Hidden Markov models (HMMs) are increasingly used to infer animal behavioural states from GPS tracking data, yet their interpretation often remains uncertain in the absence of empirical validation. Misinterpretation of statistical states as biologically meaningful behaviours can undermine scientific understanding and conservation decisions. Our objective was to evaluate how well HMM-inferred states correspond to directly observed behaviours and to test how the temporal resolution of GPS sampling influences behavioural inference.

Methods

We used GPS collars equipped with video cameras to validate HMM-inferred behavioural states in 81 female migratory caribou (Rangifer tarandus) from two herds.

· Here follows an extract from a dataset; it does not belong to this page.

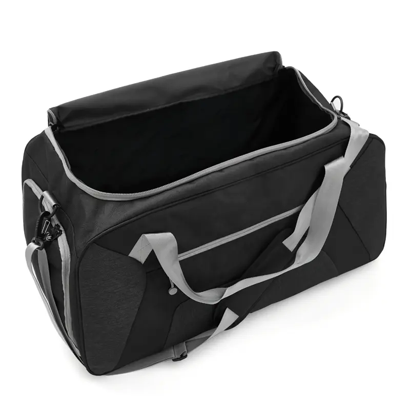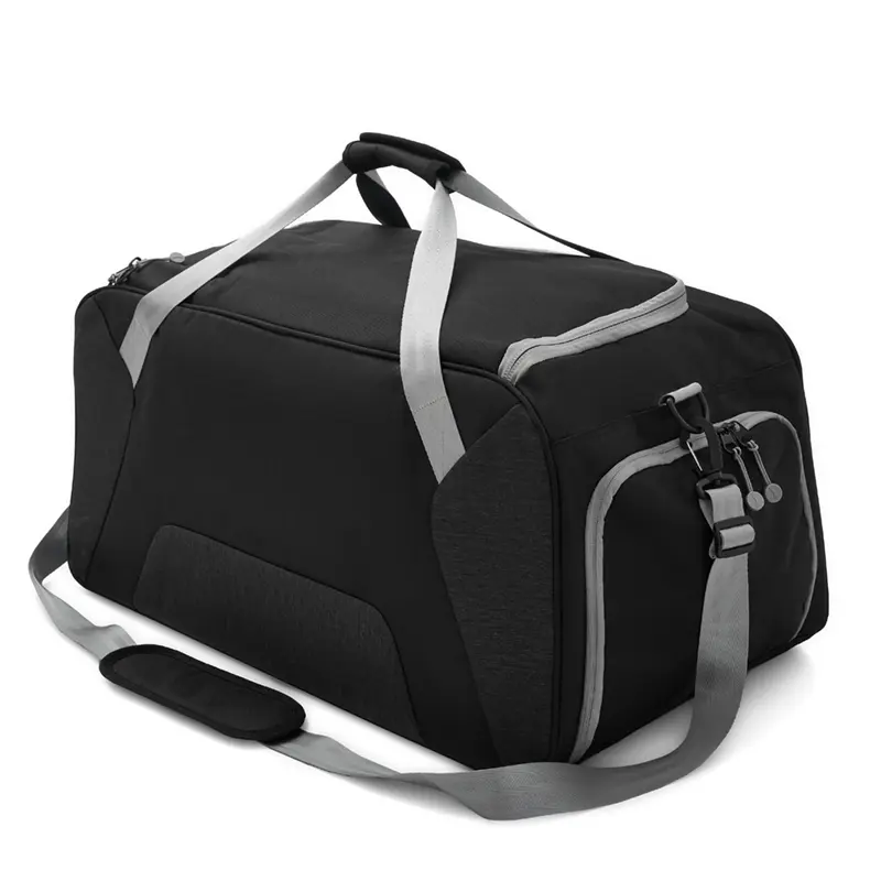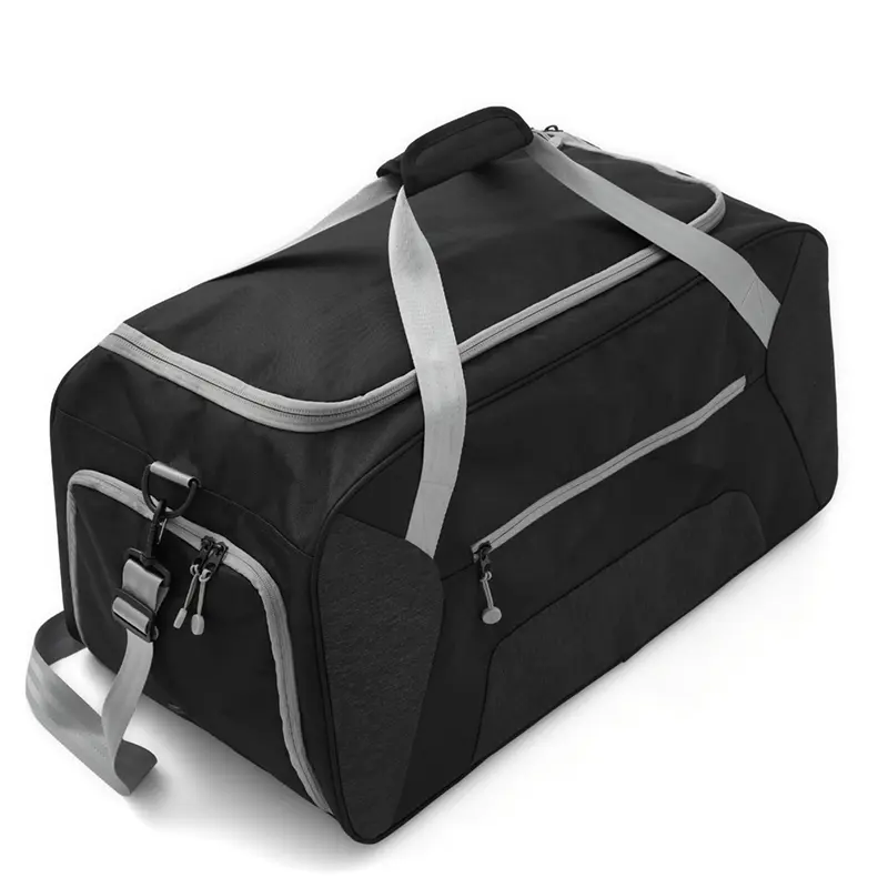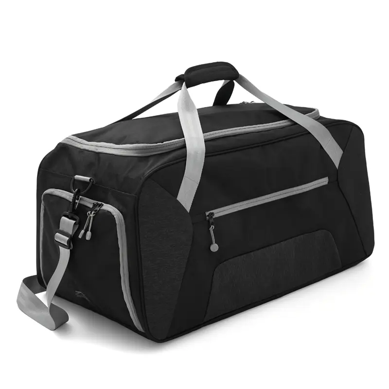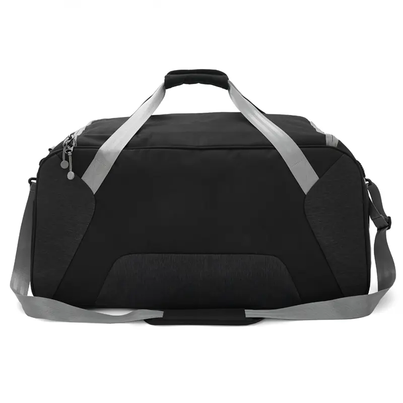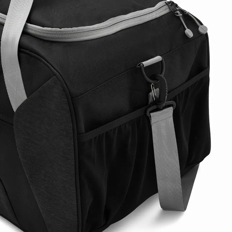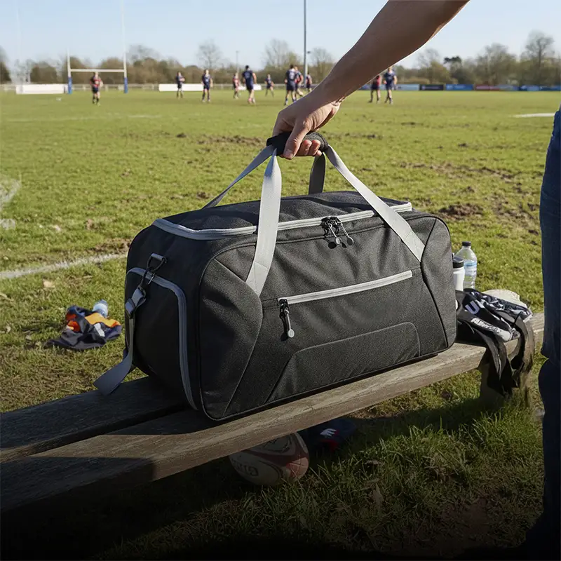 Bolso confeccionado en 168D nylon, ideal para tus actividades deportivas, viajes o giras de Rugby. Cuenta con un compartimiento principal amplio y un bolsillo frontal con cierre para objetos mas pequeños que necesites a mano. Además, tiene dos bolsillos laterales, uno de ellos con cierre, diseñado para guardar el calzado sin ensuciar le resto de tus pertenencias, y el otro, con red. Posee manijas y correa regulable, para llevarlo de la forma que te resulte más cómoda. Capacidad: 65L.

We compared states derived from two- and three-state HMMs to behaviours observed in short collar video clips. To assess the effect of temporal scale, we fit HMMs to GPS data resampled at 20-, 60-, and 120-minute relocation intervals.

Results

HMM-inferred behavioural states frequently diverged from video-observed behaviours at the start of observed GPS steps, especially at longer relocation intervals. These mismatches appeared to result from overlapping movement metrics among caribou behaviours (e.g., foraging vs. resting or traveling) and the inability of coarser GPS data to capture behavioural switches occurring at finer temporal scales than the fix rate. Videos of eating were the most misaligned with HMM-inferred states, likely due to high variation in caribou movement while foraging that is often characteristic of mixed-feeding large herbivores. Inferred states for a given location were often inconsistent across temporal scales, indicating that HMM outputs must be interpreted cautiously with respect to the GPS sampling frequency.

Conclusions

The predicted HMM state can differ substantially from true behaviour at the start of each step, in particular at coarse temporal scales. Our results serve as a reminder to interpret HMM states over whole steps rather than at observed positions, validate movement-derived states where possible, and align sampling resolution with species-specific behavioural patterns.